Ellen Korman Mains
Boulder, CO
My mother was one of two survivors of her family from Lodz. Long after she passed away, I learned that she and her family had happily spent every summer with their large extended family in the small nearby town of Tuszyn – until the Holocaust.
In 2010 I visited Tuszyn, alone, to see if the place itself would speak to me about the past. Unbeknownst to me, a few hundred feet from where I stayed was the unmarked and overgrown Jewish cemetery where some of my relatives were buried. Something stirred deep within me that night. I felt a profound, loving connection with my ancestors and a re-awakening of my own life force. But I didn’t know what to do with that feeling. I continued visiting Poland and doing research about the Holocaust and my family, which I described in my book “Buried Rivers: A Spiritual Journey into the Holocaust” (2018).
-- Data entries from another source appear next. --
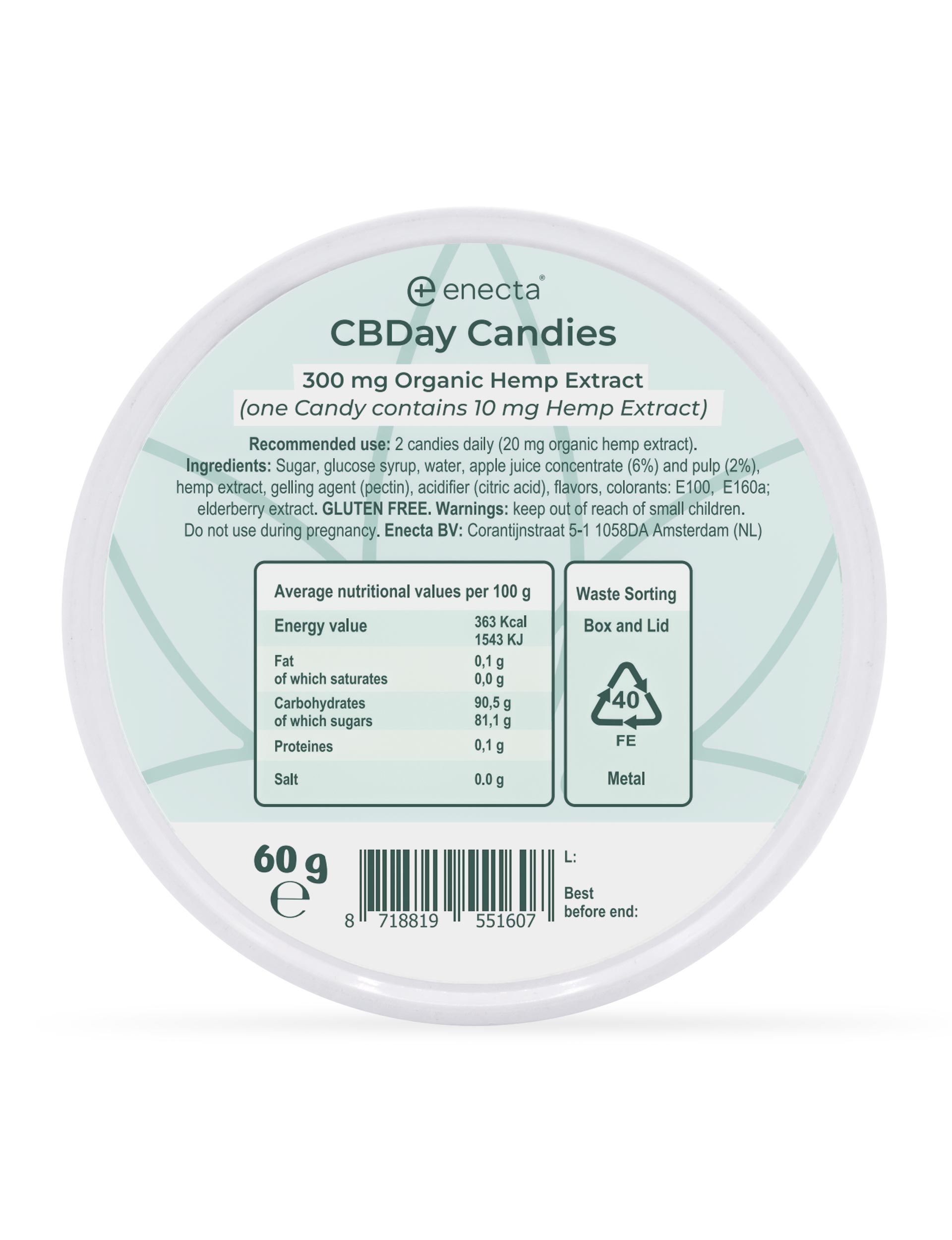 Quantità di CBD per prodotto: 300 mg. Ogni caramella contiene 10 mg di CBD.
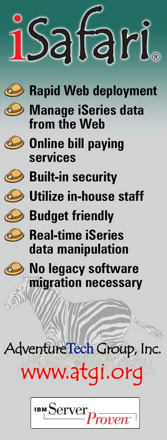 Are you looking for a simple and affordable way to provide on-line bill paying services, access to account status and general information to your customers? It's a jungle out there, and AdventureTech Group, Inc. (ATGI) has your software solution - iSafari.
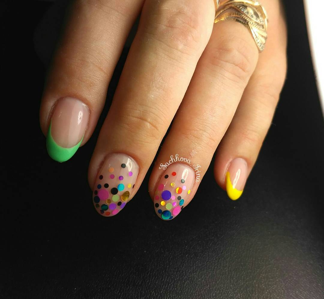 Хотите быть яркой не только за столом, но и на танцполе, когда свет приглушен — оформите лунку или улыбку с помощью светоотражающего гель-лака. Сделать небольшой акцент в маникюре можно с помощью самого активного оттенка — от просто яркого до кислотного.
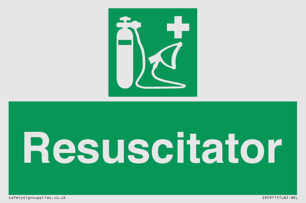 Sign Text: Resuscitator Dimensions: 150x100mm Material: White Reflective Aluminium Composite 3mm Orientation: Landscape Text Colour: White Background Colour: Green More...
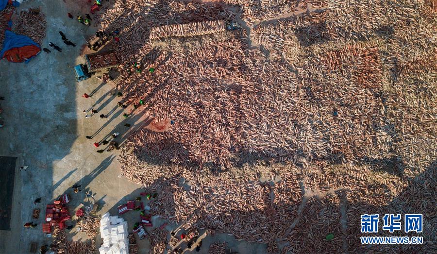 12月27日,在吉林松原查干湖漁場,工人們將魚裝箱(無人機拍攝)。 隨著吉林松原查干湖冬捕知名度不斷提高,全國各地消費者對查干湖魚的需求量逐年增大。2014年開始,多個電商平臺和快遞企業(yè)紛紛抓住商機進駐查干湖。經(jīng)過多年發(fā)展,借助互聯(lián)網(wǎng)銷售優(yōu)勢和日趨完善的快遞網(wǎng)絡,全國多地的百姓可以在魚出水后的48小時內(nèi)品嘗到查干湖魚的鮮美滋味。 新華社記者張楠攝
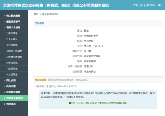 2024年9月,赵京获得了全国优秀应届本科毕业生免试攻读硕士学位研究生推免资格,推免至中国药科大学攻读硕士研究生。
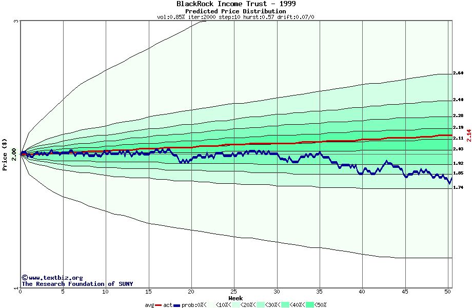 The high to date and low to date prices of the stock plotted against a random walk model for 1999 (what's this?).

The next year, 2019, a Polish school teacher in Tuszyn reached out to me, looking for Jewish descendants from Tuszyn. He drove me from Warsaw straight to the unmarked, overgrown and trash-filled cemetery in Tuszyn, next to the place I had stayed. He was passionate about honoring and remembering the former Jewish community of his town and we immediately became partners. I was lucky to find such support despite the challenges, but many descendants don’t know how to begin. FJCP can provide much needed support, resources and comradeship.